|
Kryostat für extrem tiefe Temperaturen bei langer Vorhaltezeit
Für das Max-Planck-Institut in Heidelberg (Königsstuhl) wurde ein Kryostat gefertigt. Die Entwicklung und Konstruktion erfolgte in enger Zusammenarbeit mit dem Kunden.

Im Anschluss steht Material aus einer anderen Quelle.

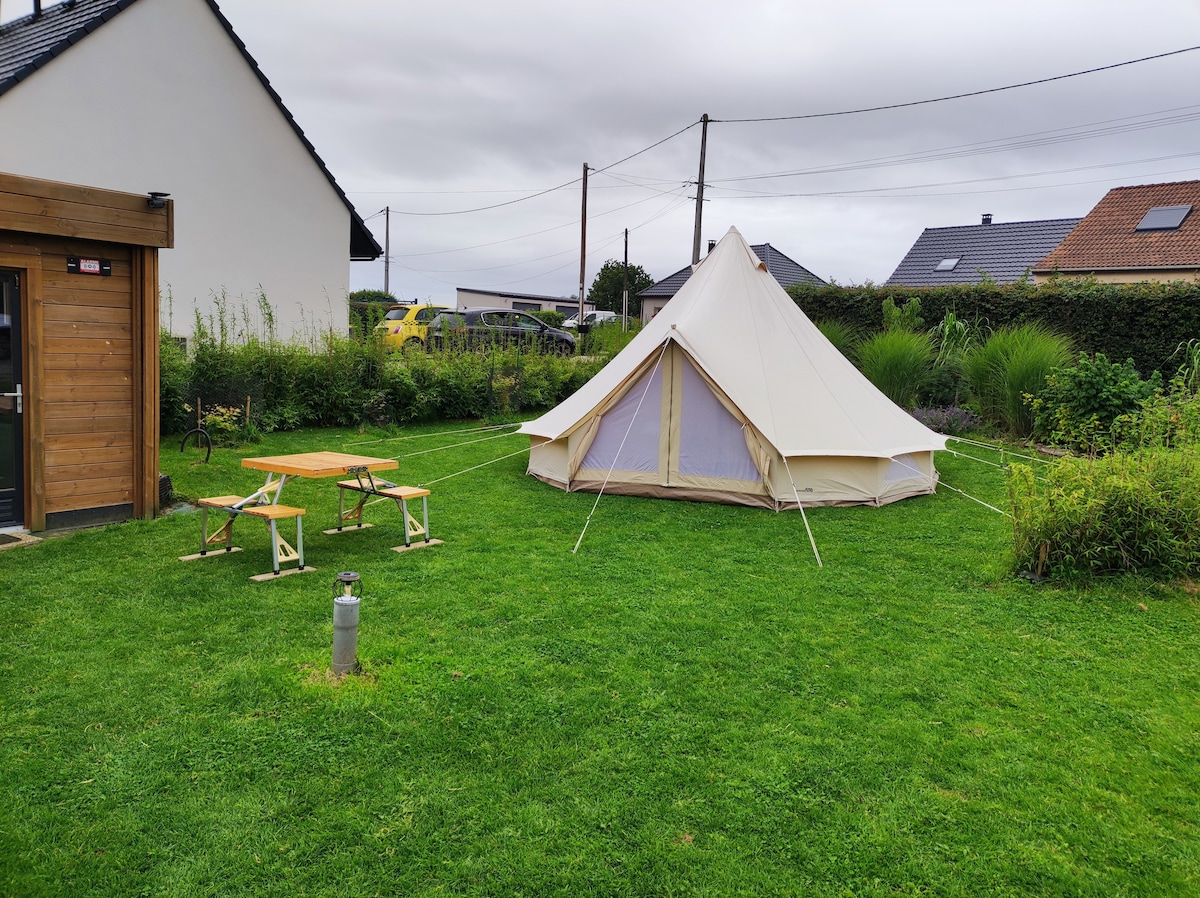 Bell tent located on a green, soothing, ecological mini campsite called L'île de Bambecque in French Flanders. Connection to "The North Sea Route" nearby. An added value for nature lovers. Relax on this site where eco-social forest farming is the baseline. Our fire pit with tripod is not only for cooking, but also for connecting. You can bring your own sheets and towels.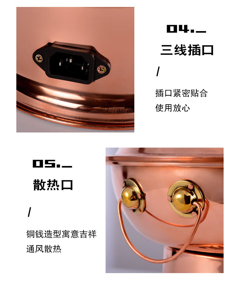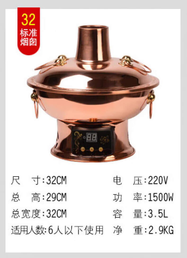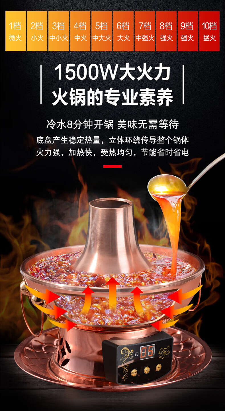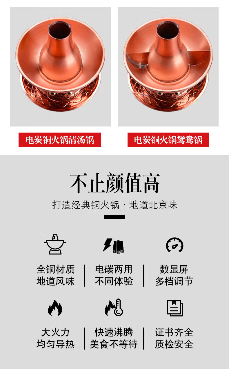 MMOTRO日本品牌紫铜电碳两用铜火锅加厚鸳鸯铜插电铜锅黄铜火锅家用款 紫铜(遥控数显10挡调温款) 34cm 32cm鸳鸯锅(6人以下使用)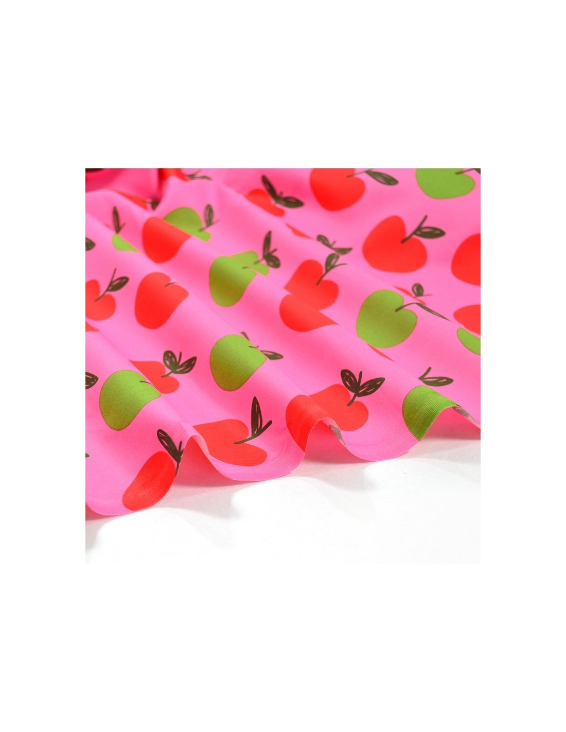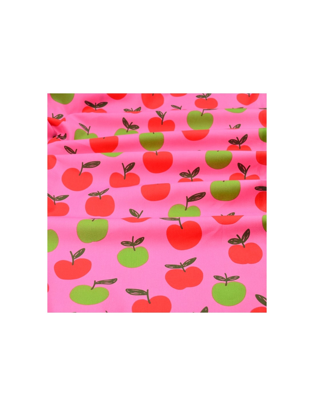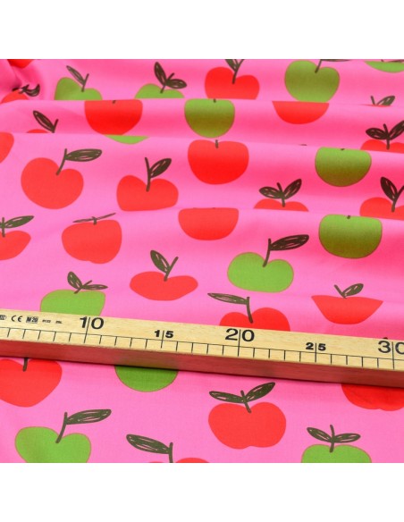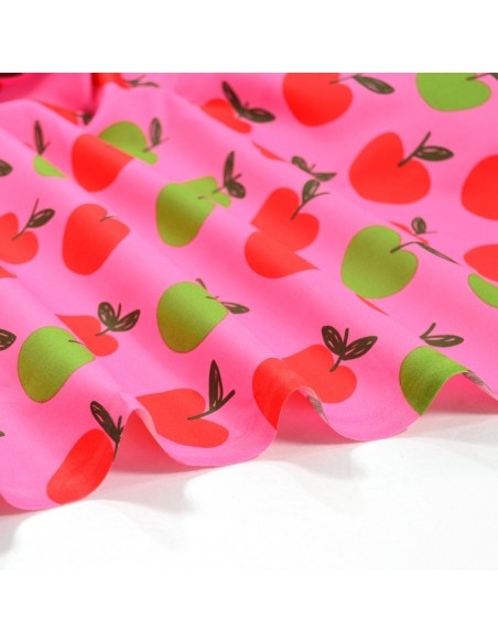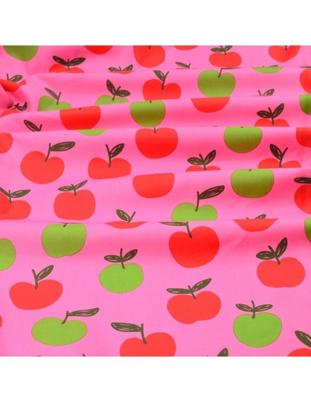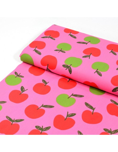 Tissu Popeline de Coton - Les Pommes - Rose & Vert

Durch den Aufbau mit Strahlungsschildern und drei ineinanderliegenden ringförmigen Flüssigstickstoff- bzw. Flüssighelium-Tanks konnte die Experimentaltemperatur im Arbeitsraum auf weniger als ein Kelvin (unter -272 °C) gebracht werden – bei einer Haltezeit von bis zu 70 Stunden!
Durchlaufkryostaten mit großem Arbeitsraum
Das Max-Planck-Institut, Garching wurde von STÖHR ARMATUREN mit einem Durchlaufkryostaten beliefert, der Experimentaltemperaturen von -196 °C in einem sehr großen Arbeitsraum ermöglicht, bei gleichzeitiger Wiederholgenauigkeit von +/- 0,1mm bei einer 90°-Drehbewegung, gemessen am höchsten Punkt des Arbeitsraumes.